6 Things to Consider in Supporting Children’s Adjustment to Change
Change can be difficult, especially for children when their need for safety and stability is uncertain. Establishing consistent and predictable routines helps children feel secure.
There are many changes that children experience such as:
- Moving, relocating, and transitioning between homes
- Changing schools, including new teachers and peers
- Changes to family structure. Examples include separation or addition of partner(s) and children
- Separations or losses impacting the family
- Parental struggles with mental health or substance use
It is hard for children to stay focused when the routines that create structure and consistency are missing or changing without notice.
Your child may be lacking structure if any one of the following is present:
- Waking up in the morning and going to bed at night is a daily power struggle as there are no predictable sleep-wake patterns.
- Your child does not have a plan to support the development of independent living skills such as daily hygiene and household tasks.
- There are no clear expectations around school responsibilities or homework.
- Things at home feel chaotic and disorganized.
Did you know that a therapist can help support you and your family by establishing routines to help set you up for success? If there are emerging concerns of mental health, therapists can screen for symptoms such as depression and anxiety and work with you and your child to develop a plan to support your child’s back-to-school transition.
Here are 6 things to consider in supporting a child’s adjustment to change:
Discuss changes ahead of time to help ease the transition.
Talk about strategies that will help prepare for transitions such as gradually adjusting sleep-wake schedules in preparation for the new school year. Begin having discussions now about screen time and storage of devices.
Create visual schedules to help support with tasks as part of the morning, afterschool, and evening routine.
Visual schedules can be tailored to children of all ages. Pictures can be used with younger children, color-coding for visual impact, or using a whiteboard. Incorporate positive reinforcement and praise to keep children motivated.
Work within the environment so it supports organizational skills and time management.
Having a work-study space cleared of clutter and being mindful of access and use of social media is so important. Small changes within the work environment will promote good organizational and time management skills that can transfer to the home and school environment.
Get creative with finding ways to connect within busy schedules.
For example, extra time after a child’s bedtime routine can be reserved for 1:1 connection through conversation or activities such as reading a bedtime story. This is also a great opportunity to listen to what is going on in your child’s life, validate their emotions, and be supportive.

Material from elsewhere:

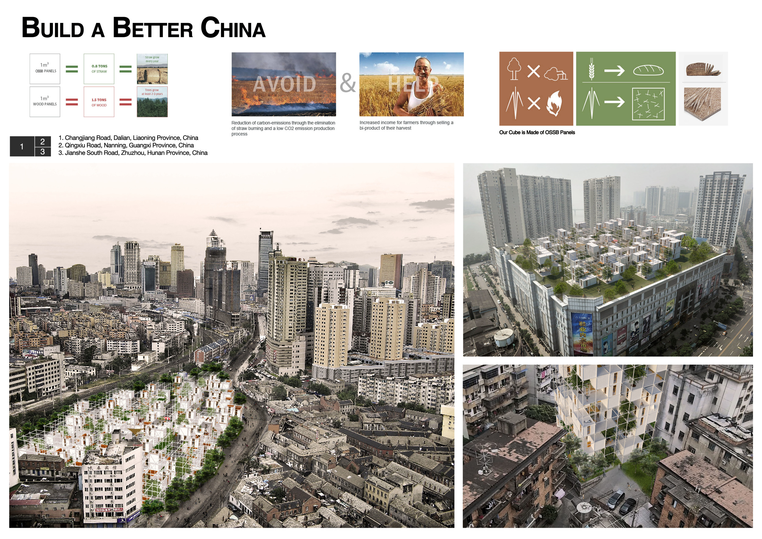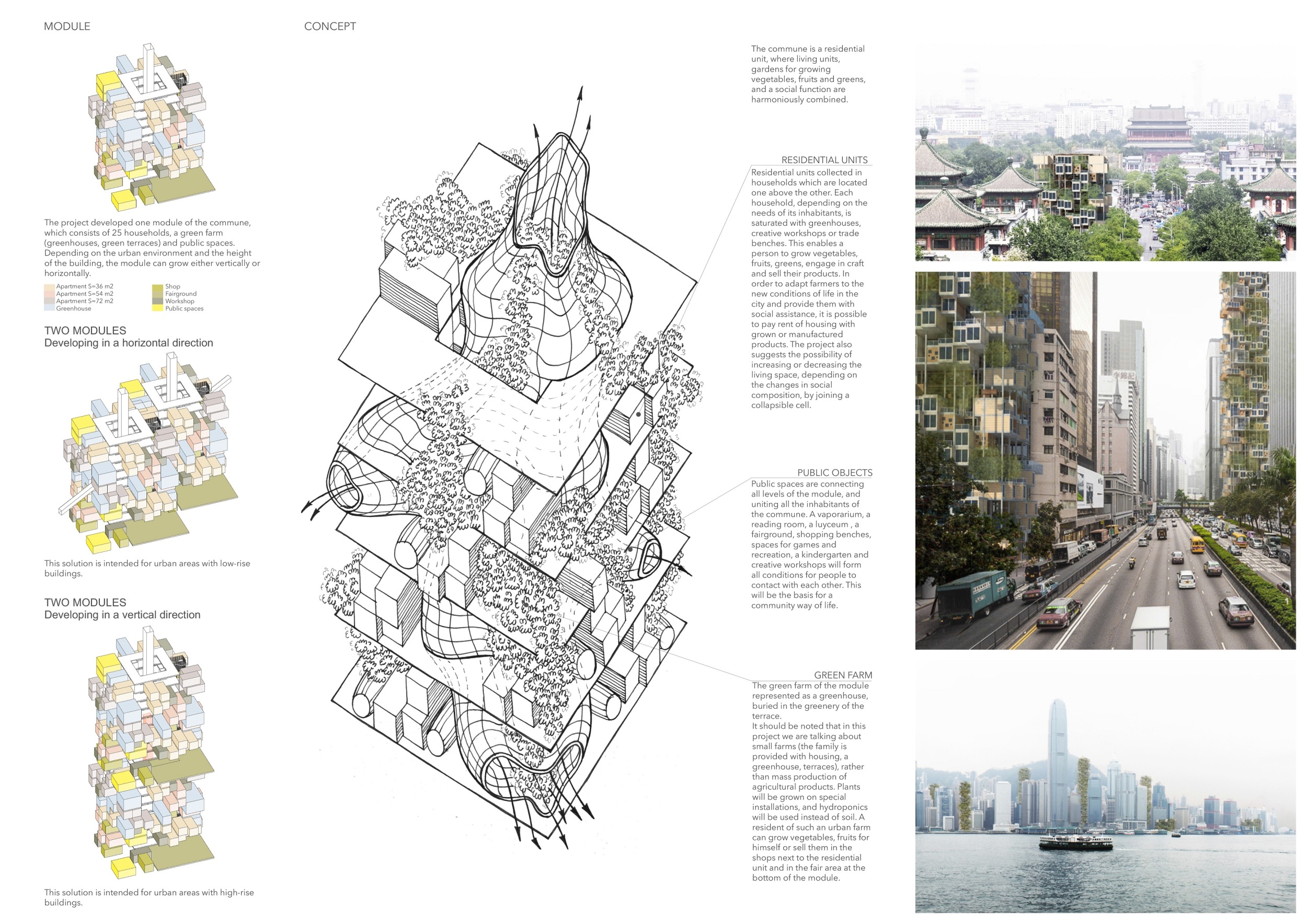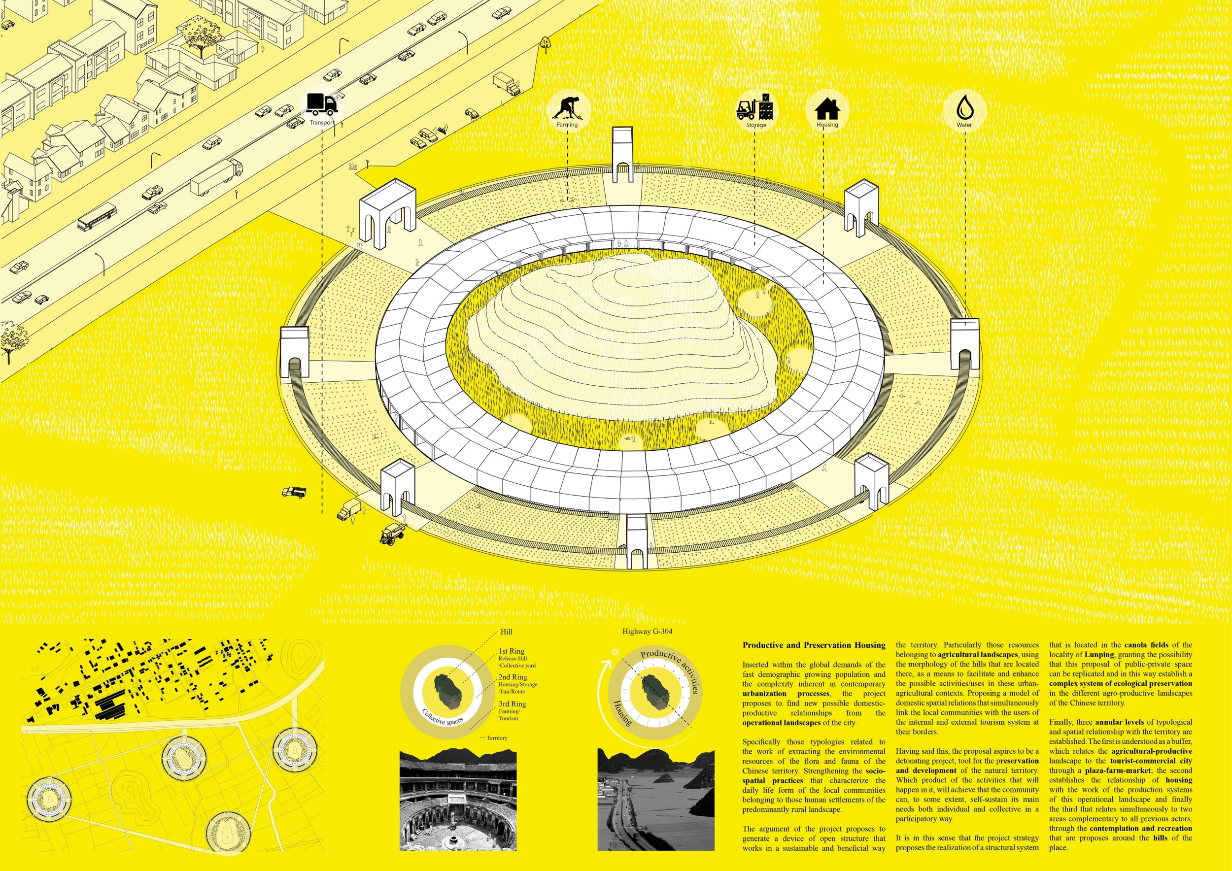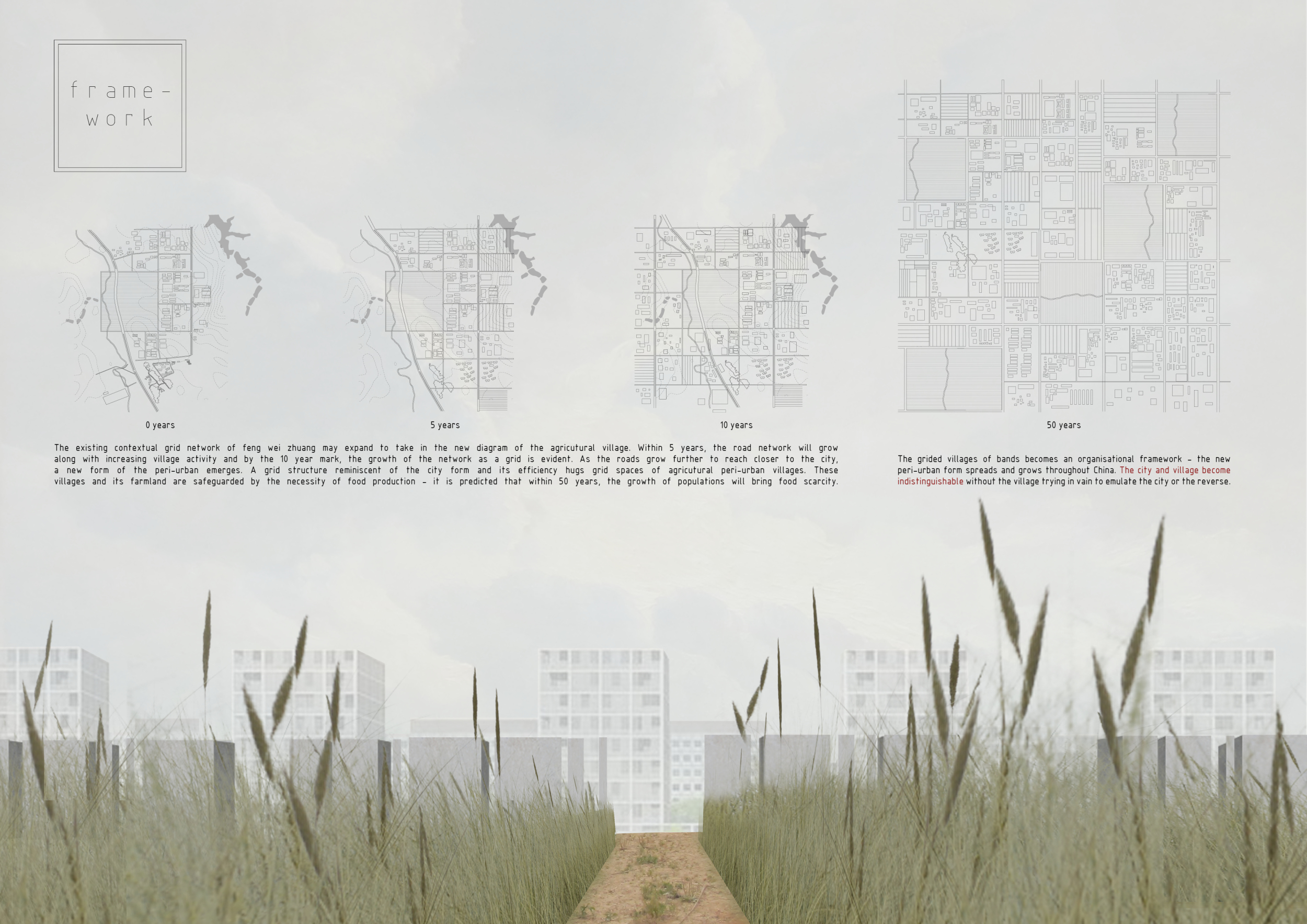 The Community of Farmers Hive presents an environmentally-conscious solution to the relocation of rural farmers to urban cities in China. The Hive is conceptualised as vertically-stacked agricultural plots within cities centres that not only provide communal housing, but also help to grow the green skeleton of the city and act to reduce the effects of heavy pollution.

Pay attention to signs that indicate mental illness in children.
Changes in a child’s mood, behavior, and daily routine such as sleep, or appetite changes may indicate mental health concerns. Talking to a health care professional such as a pediatrician or mental health therapist can help assess these concerns.
Notice how your response influences your child’s adjustment.
Notice what your child sees and hears, as you cope with stressful or traumatic events that impact the family. A child’s mental health is supported by the quality of their parent’s mental health. Taking good care of your mental health makes a significant difference.